He regretted his decision almost immediately, as her face… Well. It had been pretty, at some point. He could see that even now, mutilated as it was. She still had one purple eye, some pleasant laugh lines, but really, it all served to make it seem worse. Gryphons ate non-sentient meat, that was common knowledge, and he had worked in a restaurant back in Las Pegasus. He’d seen ground beef before, but that was a mare’s eye right in the middle of it!
Shivering, he rolled her back onto her stomach, trying his damndest to forget what his own subconscious had apparently thrown at him. Glancing around, he saw the tape recorder again, and picked it up in a slightly less blood-stained spot. With a press of the play button, it began to emit a familiar voice, however static-tinged.

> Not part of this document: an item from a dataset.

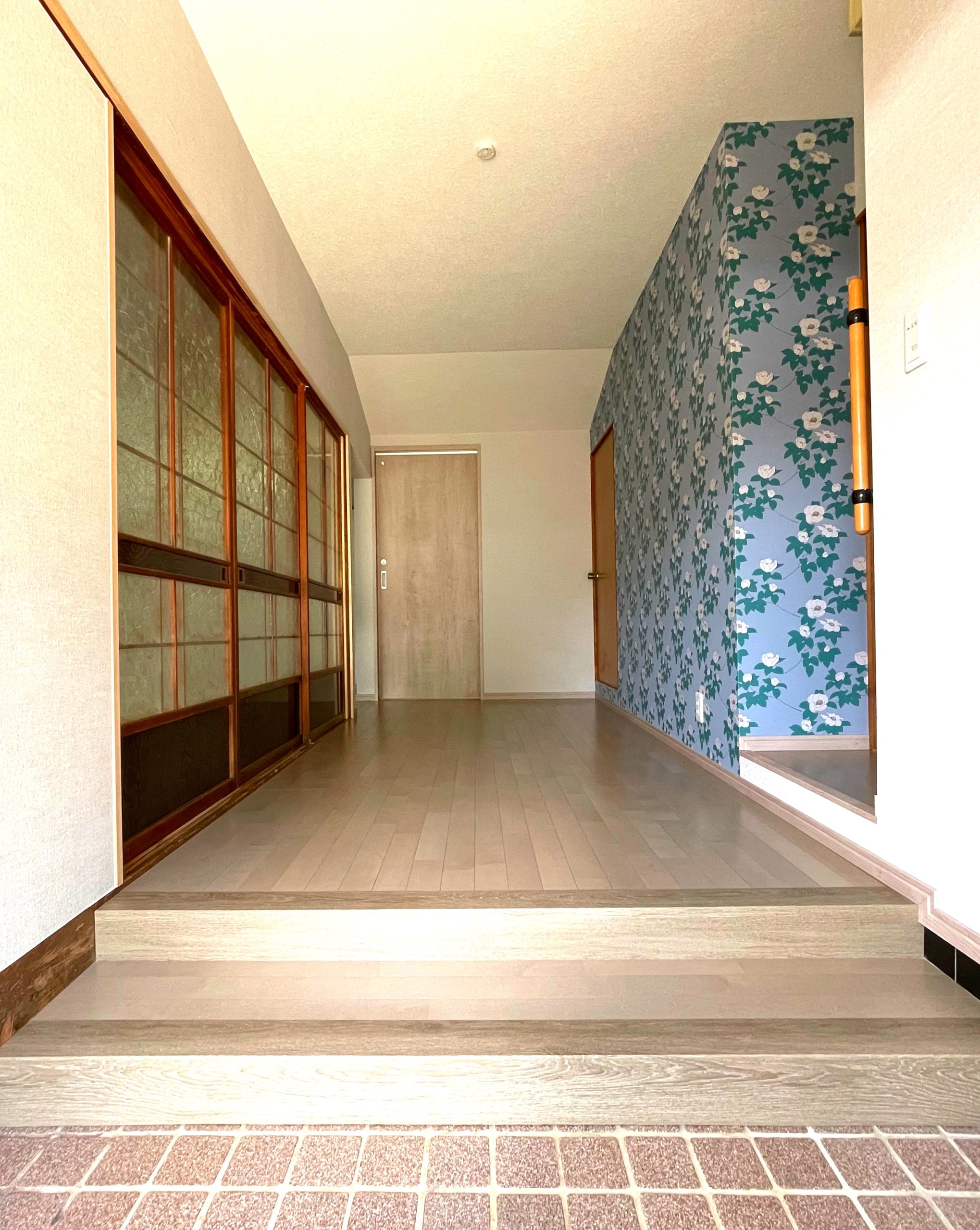 玄関ホールは、お客様からは綺麗にされたいということ以外、特にご要望はありませんでしたので、こちらから気がついたことをお伝えしました。50代・60代からのリフォーム&リノベは、高齢になった時に安心して生活できるよう、備えておくプランをご提案するよう心がけています。高齢者に優しい住まいは、小さなお子さんにも、ペットにも優しいということ。結局は、ご家族全員が安心して暮らしていただける家になります。気持ちが明るくなる、心が元気になる、を意識して壁紙を選定しました。

“Log…uh…342. Date is August 12th, 1977. Just a quick bit of plastic surgery. Muzzle work. Patient has chosen to remain anonymous for this log. Surgeon is Dr. Scalpel, AKA myself.” The recorded voice cut out then, with a pop. It resumed almost immediately, but Tinkertoy could tell it had skipped ahead quite a lot in the interim. “-four-oh silk and… done.”
Another voice, a mare, spoke. “The muzzle looks terrific, Dr. Scalpel. …Doctor?”
“You know, looking at her now… I didn’t realize how much her face sags… Scalpel.”
“Excuse me?”
“Scalpel!”
“Uh, Doctor, she’s not booked for a face lift…”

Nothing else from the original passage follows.